* Problem statement *
Please give all of the data again, character for character, and drop the pictures.

* Input data *

▼▼▼

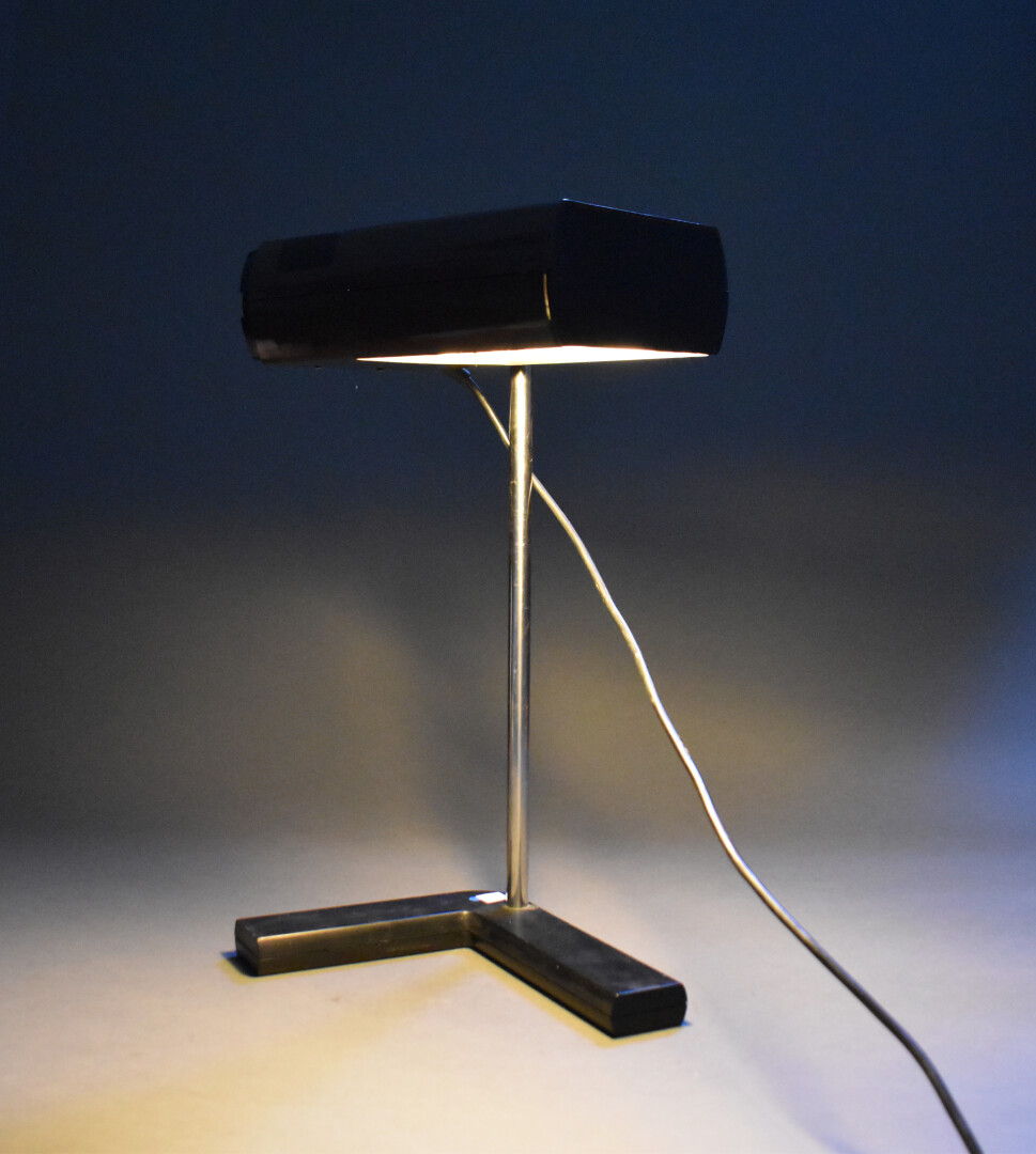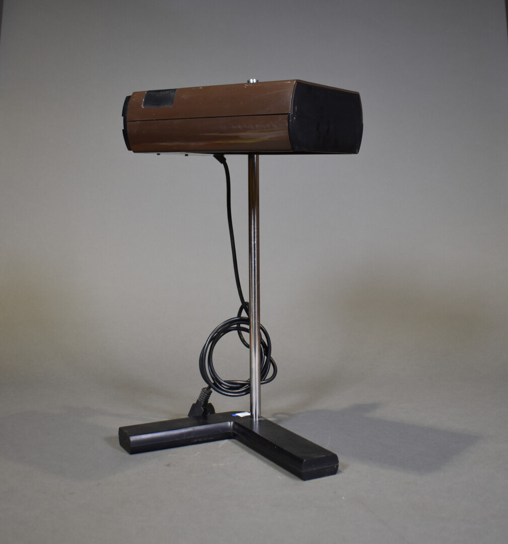Jean-René TALOPP (XXe siècle) pour SAMP LITE. Lampe à poser collection Manade en plastique brun et métal. Haut de l’éclairage ajustable. Haut. : 52 cm.
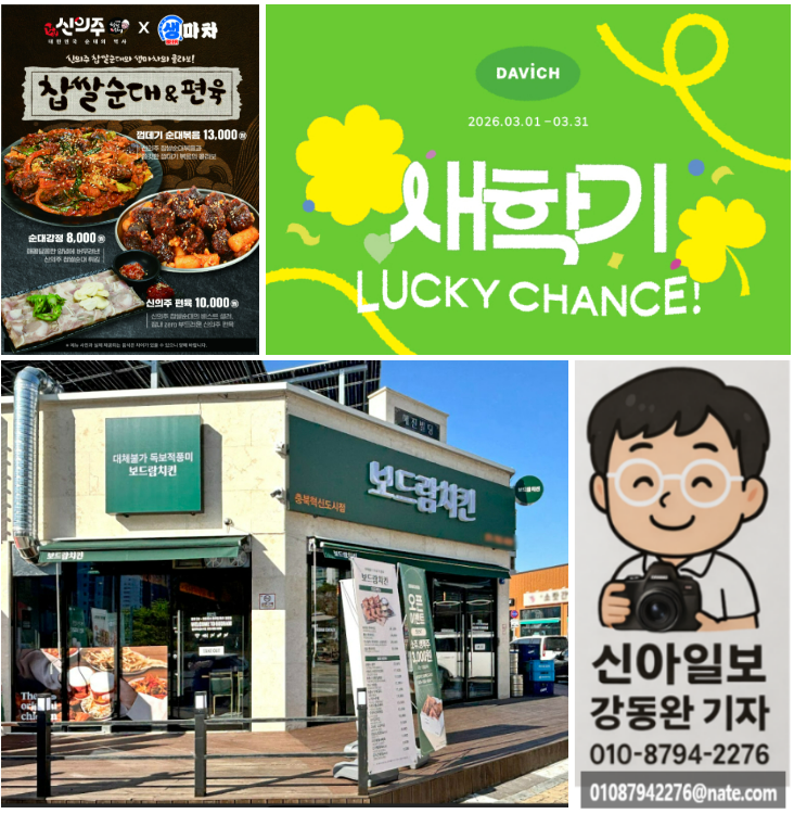 | 추억의 맛에 트렌디함을 더하다…보드람치킨, 충북혁신도시 '치맥' 명소로 [ 신아일보 강동완 기자 ] (0) | 2026.03.08 |
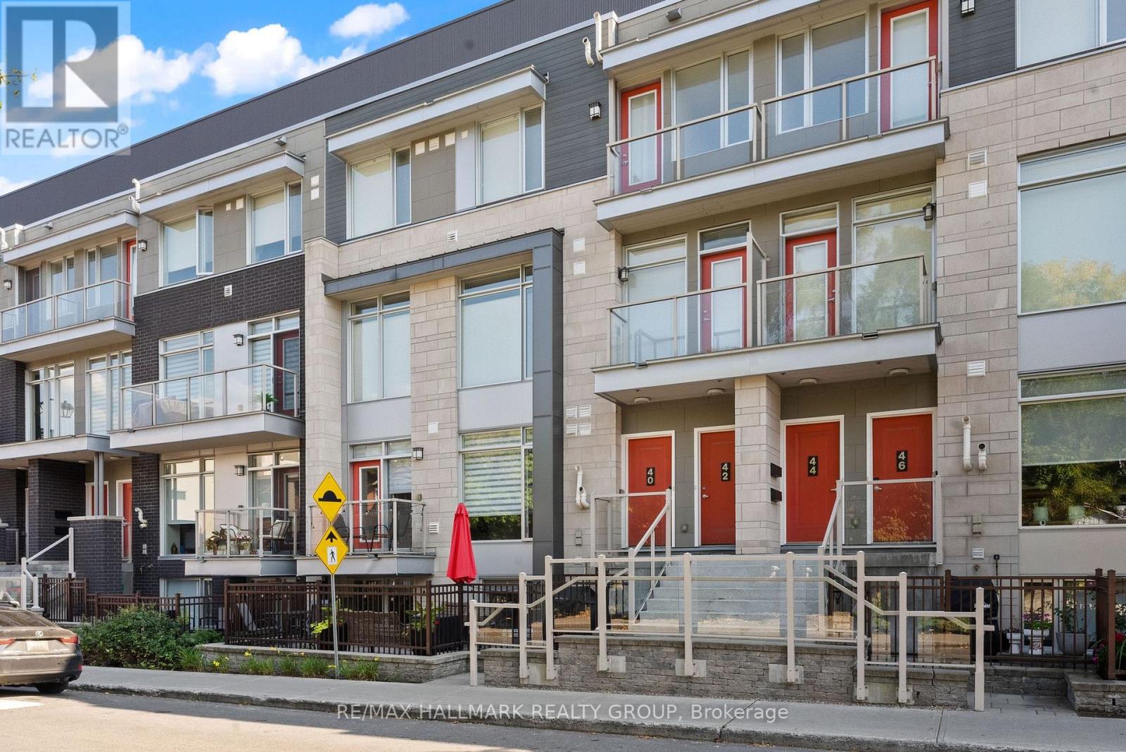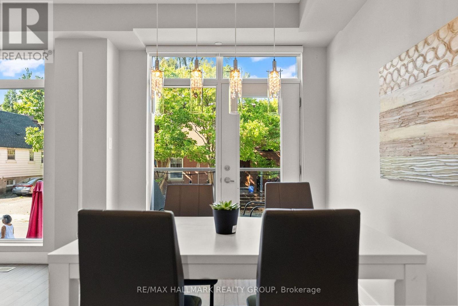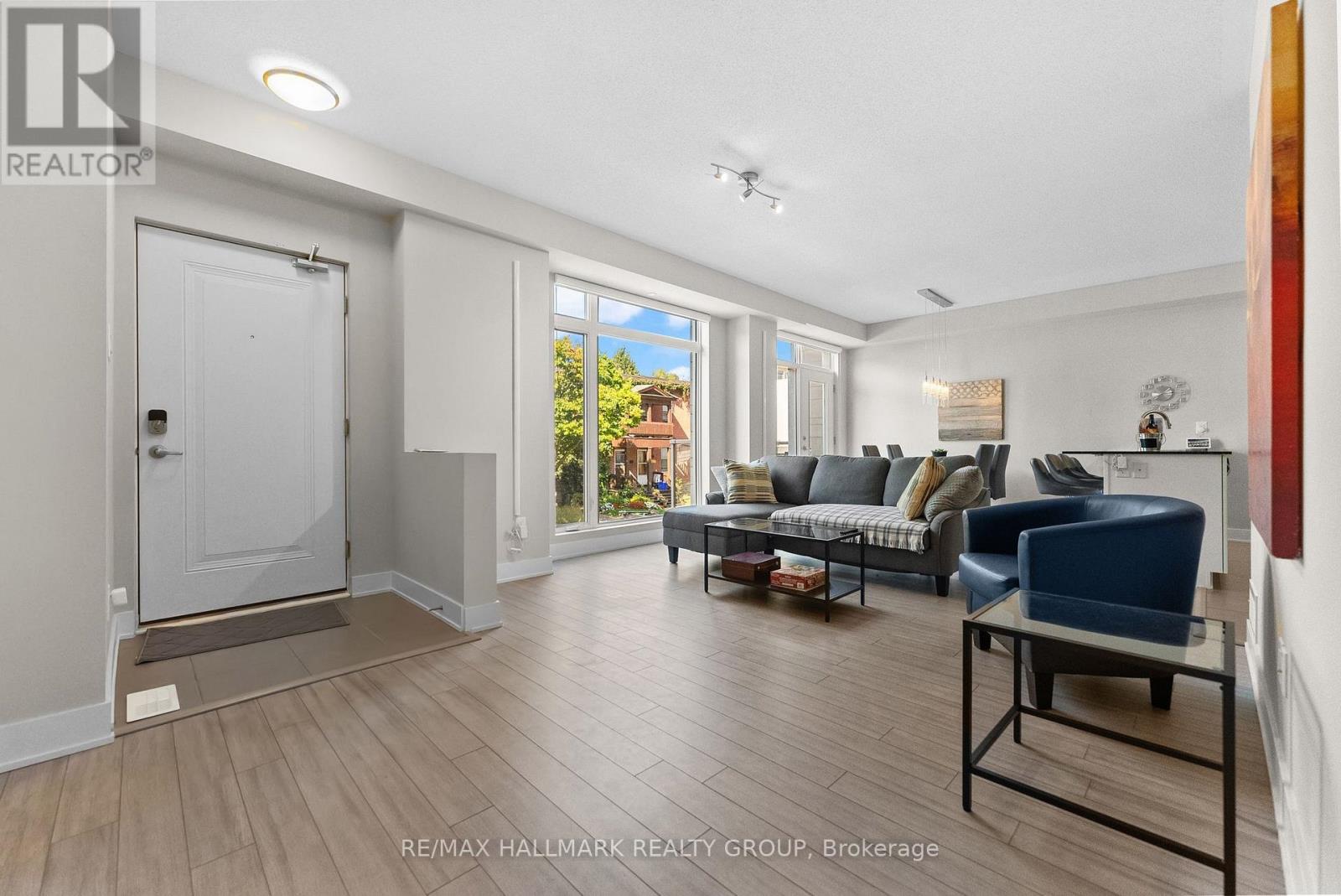 Welcome to beautifully appointed modern 2 bedroom 2.5 bath townhome in the heart of the Glebe just steps away from TD Place. Live the lifestyle you have been waiting for just steps away from the Canal, restaurants, cinema & boutique shopping. Convenient access to transit right outside your front door. 1 underground parking space, convenient balcony off the kitchen/dining area & a patio terrace with a natural gas hook up for your BBQ. This townhome boasts over 1200 ft of finished space & features high end finishes. The kitchen has quartz countertops, stainless steel appliances & a large island with a breakfast bar. Gleaming hardwood flooring & ceramic tile throughout the main floor. Spacious primary has oversized windows, a large walk in closet & a 3 Pc ensuite. Generously sized 2nd bedroom & another 4 Pc bathroom on the lower level. This is the perfect layout for 2 roommates each with their own bathroom. In suite laundry. Just move in & enjoy! This property is turnkey. (id:64974)

▲▲▲

* Output below *
Jean-René TALOPP (XXe siècle) pour SAMP LITE. Lampe à poser collection Manade en plastique brun et métal. Haut de l’éclairage ajustable. Haut. : 52 cm.
 | 추억의 맛에 트렌디함을 더하다…보드람치킨, 충북혁신도시 '치맥' 명소로 [ 신아일보 강동완 기자 ] (0) | 2026.03.08 |
 Welcome to beautifully appointed modern 2 bedroom 2.5 bath townhome in the heart of the Glebe just steps away from TD Place. Live the lifestyle you have been waiting for just steps away from the Canal, restaurants, cinema & boutique shopping. Convenient access to transit right outside your front door. 1 underground parking space, convenient balcony off the kitchen/dining area & a patio terrace with a natural gas hook up for your BBQ. This townhome boasts over 1200 ft of finished space & features high end finishes. The kitchen has quartz countertops, stainless steel appliances & a large island with a breakfast bar. Gleaming hardwood flooring & ceramic tile throughout the main floor. Spacious primary has oversized windows, a large walk in closet & a 3 Pc ensuite. Generously sized 2nd bedroom & another 4 Pc bathroom on the lower level. This is the perfect layout for 2 roommates each with their own bathroom. In suite laundry. Just move in & enjoy! This property is turnkey. (id:64974)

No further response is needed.